Up to 500 safer subdivided flats for Hong Kong’s needy under HK$100m plan
The scheme will act as a short term measure to manage the plight of poorest on the public housing waiting list
As many as 500 government-approved subdivided rental flats in Hong Kong could be available this year under a HK$100 million housing plan to ease the plight of needy families, the Post has learned.
Based on initial proposals, social welfare groups will be enlisted to operate such flats, with funding to come from both the Community Chest and the Social Innovation and Entrepreneurship Development Fund.
The government has also approached the Council of Social Service to line up interested welfare groups or social enterprises to apply for the money to convert the flats into partitioned units.
It is understood that tenants can expect to pay “at cost” rentals – about half the prevailing market rate. The rent for an existing subdivided flat of about 80 sq ft in Sham Shui Po is about HK$4,000 a month.
Based on an average calculation of about HK$200,000 to HK$250,000 to renovate or convert an apartment into subdivided units, the HK$100 million funding could be enough to partition 400 to 500 flats.
Welfare groups will give the highest priority to tenants who are in greatest need.
More details are expected to be worked out before October when Chief Executive Carrie Lam Cheng Yuet-ngor delivers her maiden policy address.
Council of Social Service chief executive Chua Hoi-wai said it would hold a briefing on Wednesday to introduce the programme to non-profit organisations and invite them to run the flats.
But he said the role of his group had not been finalised.
Chua said a landlord had earlier handed over 14 units in Mong Kok to the council for a similar project idea, even before such plans had been mooted by the government.
He said many more units were offered to them after officials spoke in public.
But Chua said they would turn down some flats which had been renovated as illegal subdivided housing.
The Community Chest did not comment directly about its role in the scheme, saying only that it was open to new project ideas.
Chan suggested that those on the public housing waiting list consider more hygienic, safer and relatively more spacious subdivided units that were run by non-profit organisations as a short term measure to ease their plight.
While he acknowledged that the ultimate solution was to build more public housing flats quickly, he said the government should not constrain itself to “one path or one policy”.
Ho Hei-wah, director of human rights advocacy group Society for Community Organisation, hailed the idea.
“Even a small step may have a big impact on affected residents,” he said, adding interim measures did not negate long-term policy.
Ho said he was not too worried about a shortage of landlords willing to rent their flats to welfare groups to operate government-approved subdivided housing.
“Our experience is that there are many old landlords who do not know how to manage their aged units, or simply leave their properties idle without proper maintenance,” Ho said.
“If the government can fund the welfare groups to do the renovation or conversion, it will result in a win-win situation.

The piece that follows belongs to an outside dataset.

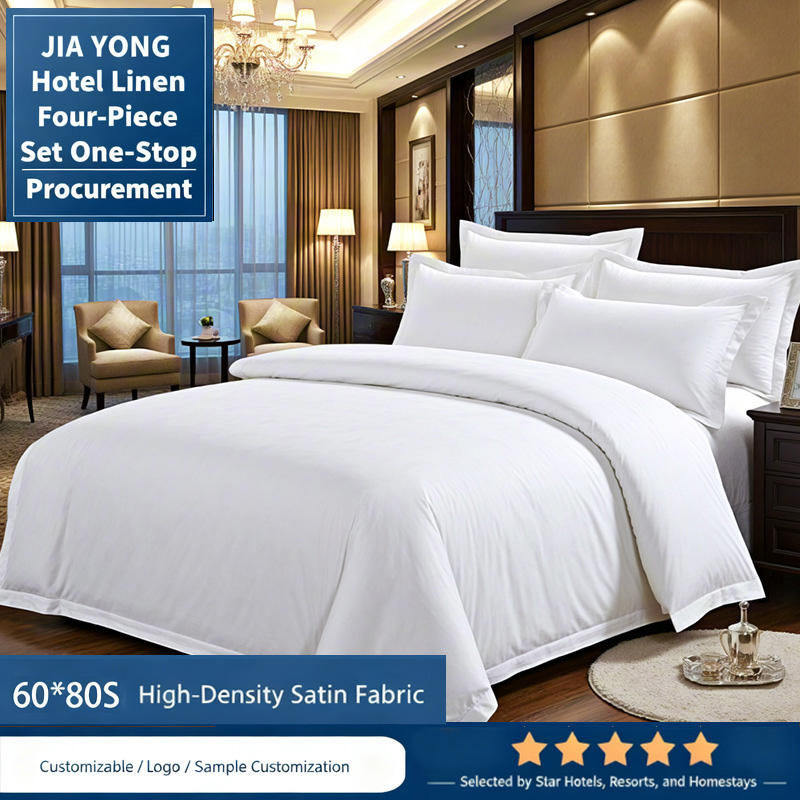 X 60*80 pieces of pure cotton white tribute satin hotel linen four-piece B&B hotel bedding of the same style of the whole season
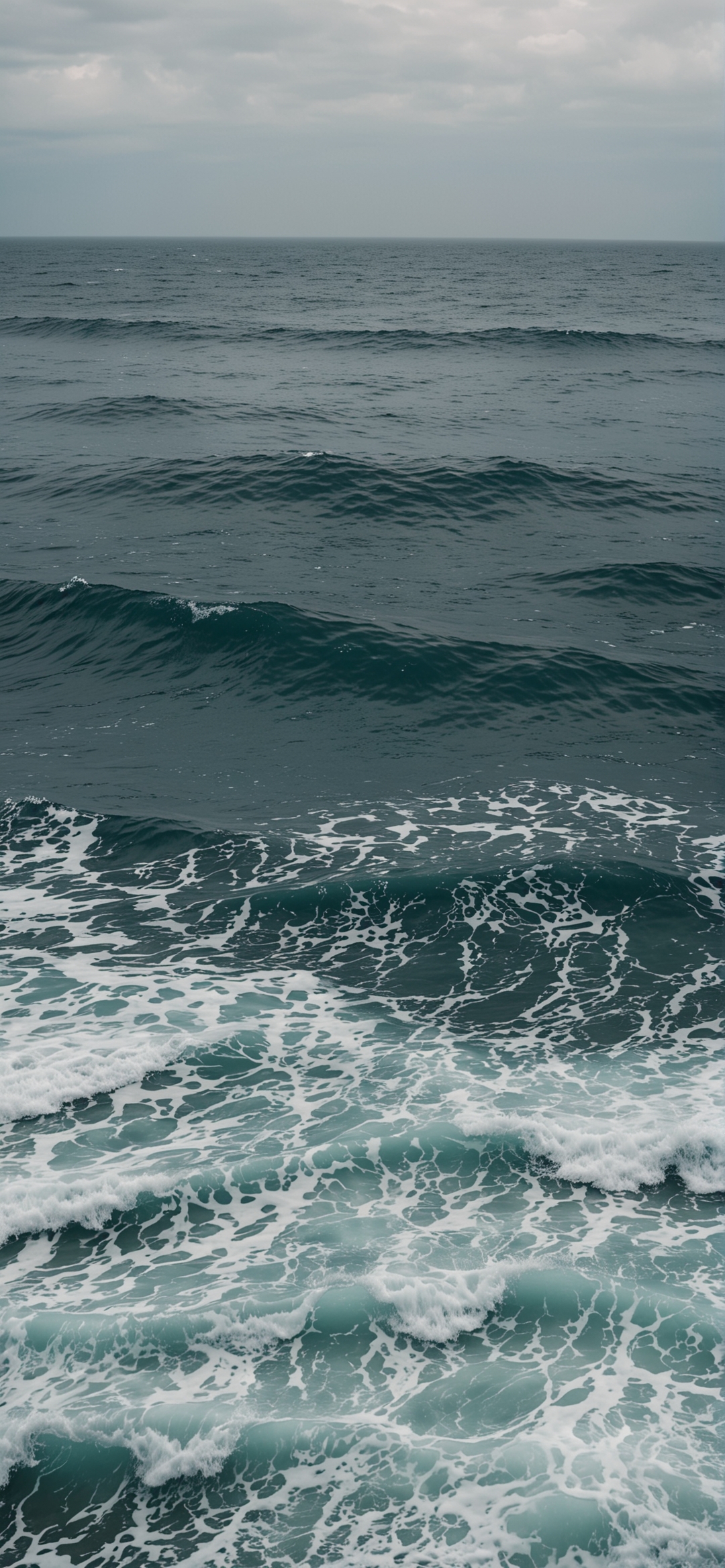 多云的天空下,汹涌的大海。画面以各种深浅不一的蓝色和灰色为主,反映出忧郁的气氛。这张照片是从高处拍摄的,捕捉到了海面的广角视角。波浪起伏不定,在较暗的水面上形成白色泡沫的图案。地平线在远处清晰可见,将水与阴天分开。构图强调了海洋的原始力量和无边无际。

The landlords can get their properties upgraded, get rents, and needy families can get better accommodation.”
But Ho said he hoped follow-up services would also be offered to the needy families after they move in.
“For example, we should teach them how to pack or store their belongings or make the best use of furniture. Otherwise, it is only to move the tenants from one overcrowded subdivided flat to another equally congested, albeit slightly more spacious one.”
Simon Yau Yung, an associate professor in housing policy and management at City University, said it was necessary for the government to set a minimum living area per capita for residents who will live in the pre-approved flats.
“The government needs to set a bottom line for occupancy standards, which has also been done in Singapore and Beijing,” Yau said. “When there is no other choice, people can live in smaller flats, but at the same time what is key is that it is safe and hygienic,” he said.
While government figures showed residents in subdivided flats had an average area of 62 sq ft in 2015, many were living in “coffin homes” as small as 15 sq ft – or the size of a single-bed mattress.
Housing Authority guidelines stipulate that public housing residents should have at least 75 sq ft of internal living space per person. In Singapore, the standard is at least 100 sq ft.
Yau, who worked in the Buildings Department, said the government also had to clarify the type of renovations and maintenance work needing pre-approval from the department.
The Hong Kong Institute of Surveyors urged the government to come up with interim design and construction requirements for partitions, drainage, fire safety and ventilation for such flats.